In 2004, then-President Jacques Chirac told Turkey it would have to recognize the mass killings as genocide if it wanted to become a member of the EU, insisting the French would otherwise vote Turkey out in a referendum.

Visit to Georgia

Seeking to portray himself as a peacemaker during the three-nation trip, Sarkozy — who brokered the deal to end the 2008 Georgia-Russia war — told thousands of cheering Georgians that Moscow was still intimidating its defeated neighbor.

“France sees Russia as its friend, as a strategic partner.

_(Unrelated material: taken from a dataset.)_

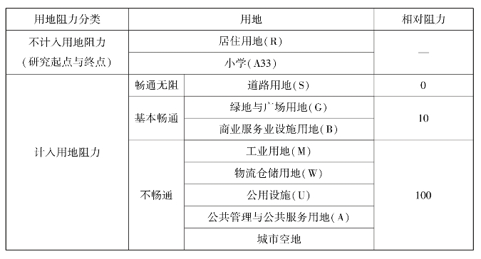 很多案例中都说明了各类用地的阻力指数,研究发现,用地阻力种类如果划分过多,则不便于研究,很多也不符合实际使用情况。因此,本研究将居住用地(R)与小学(A33)作为研究的起点与终点,不列入用地阻力体系中,对于居住用地(R)与小学(A33)不同地块之间的影响,经过详细踏勘后发现,南坪组团内的居住用地大多数分为两类:一类是在早期由于工业发展或者行政单位建设计划体制下“单位大院大院式”居住区,这种形式往往形成了封闭大街坊(gated-super-block)。另一类是在现今市场经济体制下,受社会阶层分开影响而导致的空间隔离,从而形成封闭大街坊。2006年一则“母女没出入证横穿小区被阻遭居民围殴”新闻事件背后所表现的深层次原因就是社会阶层不同导致居住空间的隔离的典型案例。在当今社会,伴随物权的私有,社会阶层之间的贫富差距不断扩大,在多数街区均使用的是封闭式管理方式,公共环境的内向化逐步被要求,而处于自身考虑的安全需求也越发强烈(邹德慈,2006),这种趋势往往会造成步行交通的非连续性。因此本研究认为,大多数居住区均是封闭的,是不容许外来者随意进出的,另外,居民对其他小区缺乏了解,日常也不会选择在这些地段进出。因此,本研究将居住用地定义为起点不列入用地阻力体系中,另外则将居住区之间的影响列为互相不能通过的类型。其次参照案例分析并结合多种用地性质的定性分析,采用层次分析法进行类比,对其他几类重要的用地阻力进行划分。一是道路用地(S),主要指城市主干路、城市次干路、城市支路也包含道路之间的交叉口。单纯从物质空间理论上,可以认为道路用地是专门用于用地之间的联系的,是专为车辆和人流通行的道路,也可以认为道路用地是不受任何阻碍的,人们可以自由地在道路人行道(几乎所有道路都会设置人行道)上行走,因此将道路用地的相对阻力定义为0。二是工业用地(M),指工矿企业的生产车间、库房及其附属设施用地,包括专用铁路、码头和附属道路、停车场等用地,不包括露天矿用地。物流仓储用地(W)的定义是物资储备、中转、配送等用地,包括附属道路、停车场以及货运公司车队的站场等用地。公用设施(U)的定义是供应、环境、安全等设施用地,这3类用地相对其他用地,往往涉及一些安全隐患,因此各个单位通常采用封闭式的管理,一方面保护住户财产,另一方面也减少对外来者造成不必要的伤害,因此行人也不能通过这些区域,通过实地踏勘观察也证实了这种情况。因此,可将第二大类用地定义为不可通过用地,相对阻力定义为100。三是公共管理与公共服务用地(A),指行政、文化、教育、体育、卫生等机构和设施的用地,不包括居住用地中的服务设施用地,这类用地本属于城市公共设施,是可以供任何人使用的,但往往为了便于管理(收费需要、安全保障、形象保障)一般都采用封闭式大院形式,步行者均不可步行通过,通过实地踏勘观察同样证实了这种情况,因此将这类用地定义为不可通过用地,相对阻力定义为100。四是城市中存在部分城市空地,因为城市空地是城市待开发的区域或者城市荒地,具有很多不稳定不确定的安全隐患,一般家长也不会容许小学生通过这类区域,因此本研究将其定义为不可通过用地,相对阻力定义为100。五是绿地与广场用地(G),指公园绿地、防护绿地、广场等公共开放空间用地,这类用地相对其他用地来说具有较强的公共性,尤其是当今城市中绝大多数公园与广场均是不收费的,更加强化了这些场所的公共性,但是考虑到公园和广场设计时需要注重场所的趣味性和参与性,往往路径会曲折一些,且会设置一些城市小品雕塑等景观构筑物,从通过性上来说比起道路用地要差些,因此本研究将绿地与广场用地(G)定义为基本畅通类用地,相对阻力设置为10。六是商业服务业设施用地(B),指各类商业、商务、娱乐康体等设施用地,不包括居住用地中的服务设施用地以及公共管理与公共服务用地内的事业单位用地,这类用地往往需要吸引大量的人气,也容许各类型人群通过,但是考虑到此类用地相对于道路用地来说,具有较多“阻碍”通行的设施,例如商业建筑、城市小品、路边小贩等,因此在步行的通过性上不如道路用地,综合对比后将商业服务业设施用地(B)定义为基本畅通类用地,相对阻力设置为10。综上所述,本次土地相对阻力的具体情况见表5.11。
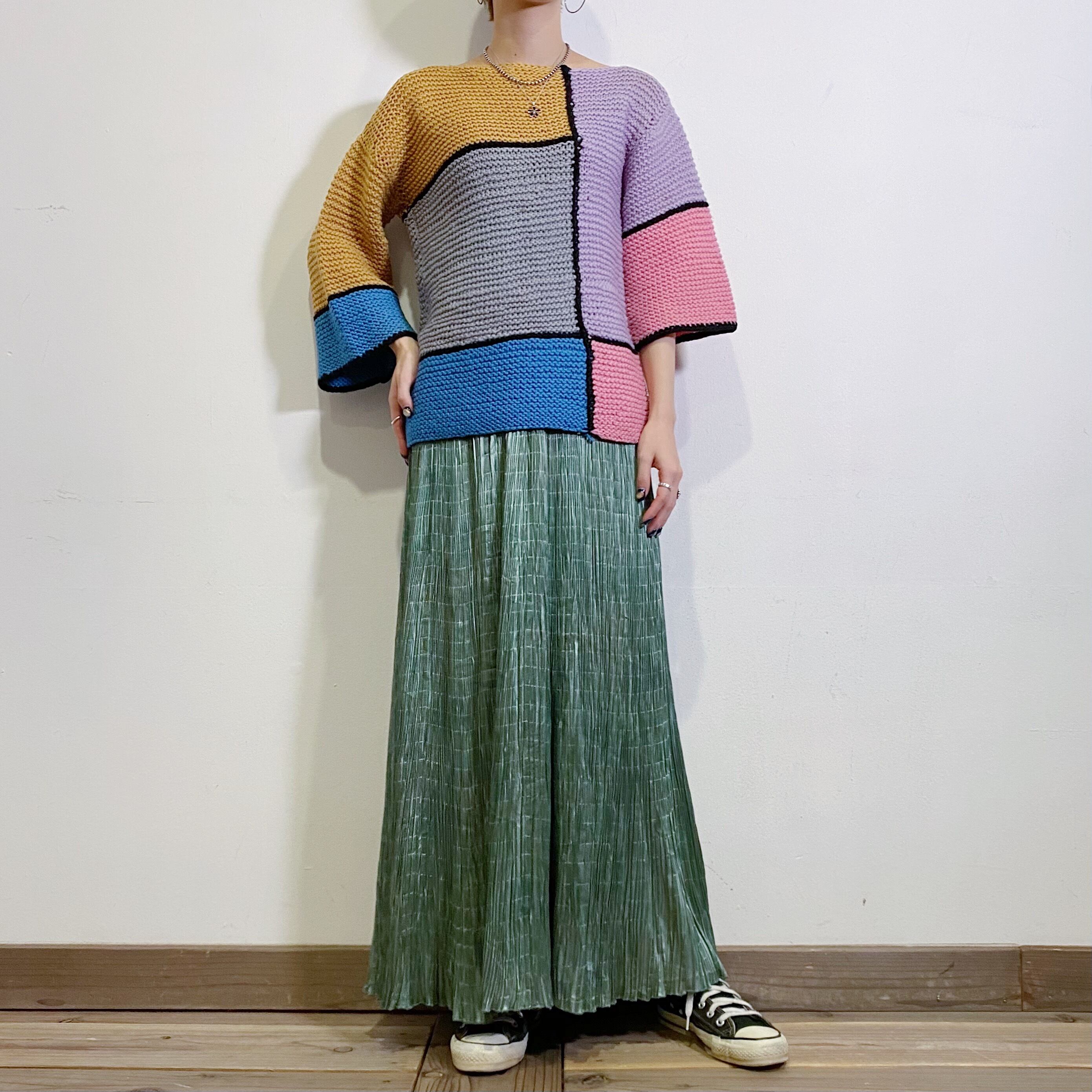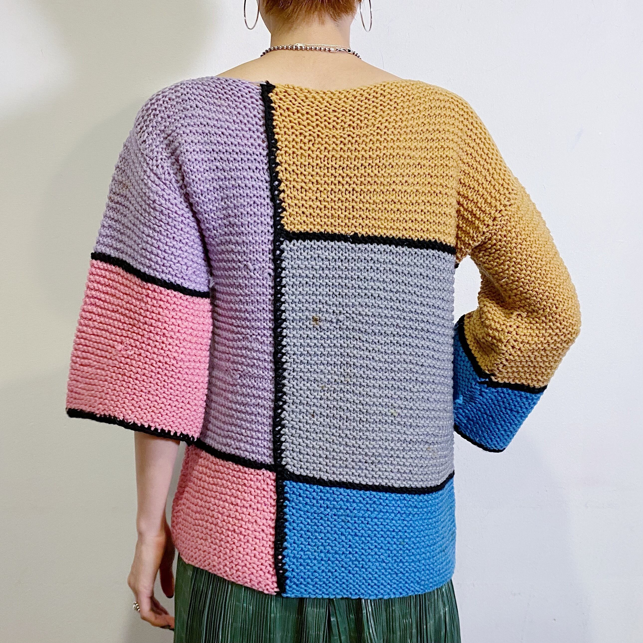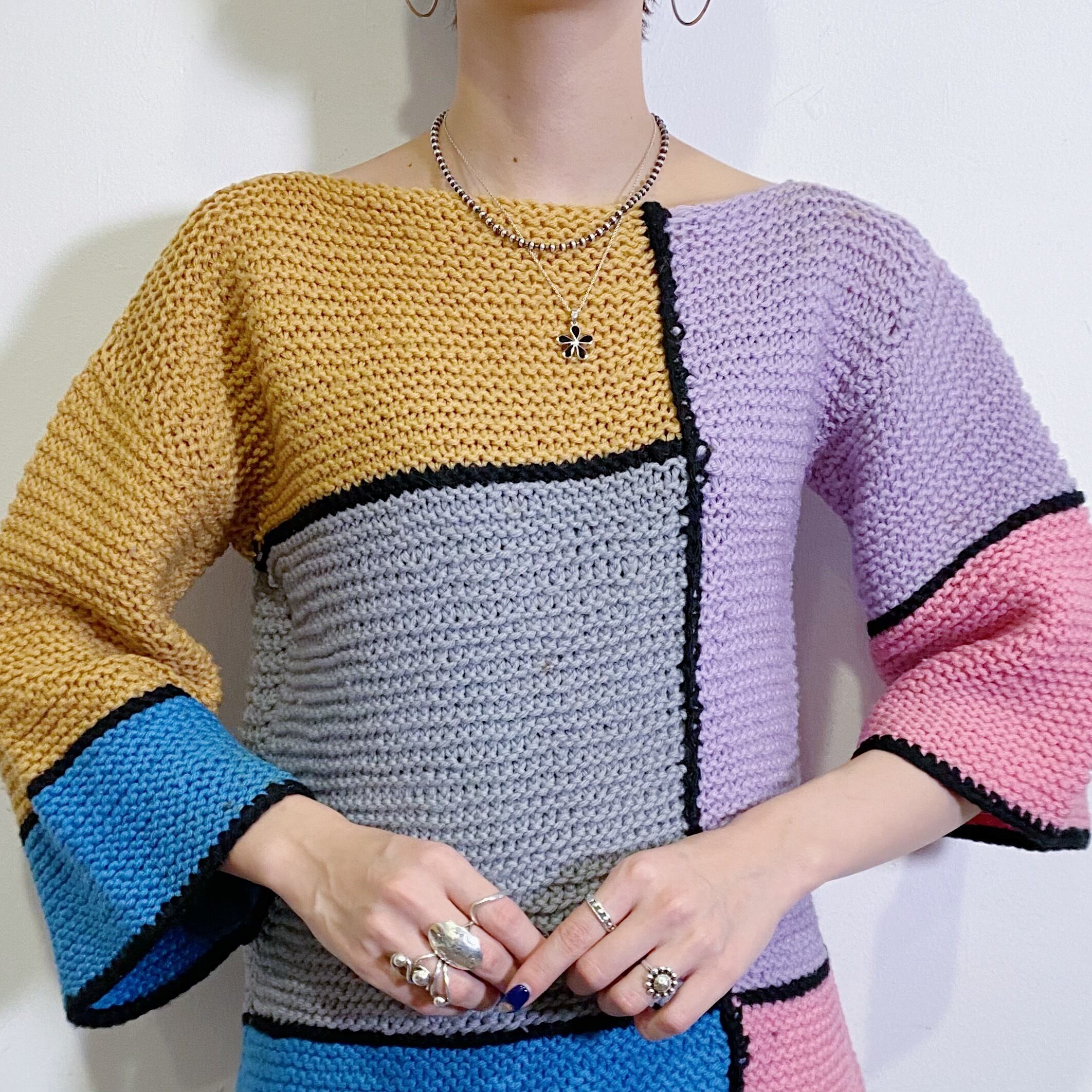モンドリアンスタイルを思わせるデザインが可愛い、60年代のニットセーターです。

But to restore confidence, threats, intimidation, threats and attempts to destabilize (the situation) are fully unacceptable,” he told the receptive Freedom Square crowd.

Georgia accuses Russia of violating the peace agreement by not pulling its troops back to prewar positions and “occupying” the rebel provinces of Abkhazia and South Ossetia, which Moscow recognized as independent states after the 2008 conflict.

In comments likely to irritate the Kremlin, which says its troops in the provinces are there to protect them from Georgia, Sarkozy said Russia must withdraw its forces and fulfill its “word and honor.”

“Against all strategic logic and contrary to undertaken commitments, significant military forces are still stationed and were reinforced at your (Georgia’s) door, on the other side of the dividing lines,” he told the flag-waving crowd.

Using firm language that echoed the recent split with the Kremlin over action in Libya and Syria, Sarkozy said that Russia must stop the Soviet-era practice of bossing sovereign territories that once answered to Moscow.

“Everyone must admit that the Soviet Union does not exist anymore and that a policy of spheres of influence is not intended to succeed it,” he said, adding that Georgia should be able to express its aspirations to join the EU and NATO.

(Reports from the Associated Press, Agence France Presse, Globe and Mail and Reuters.)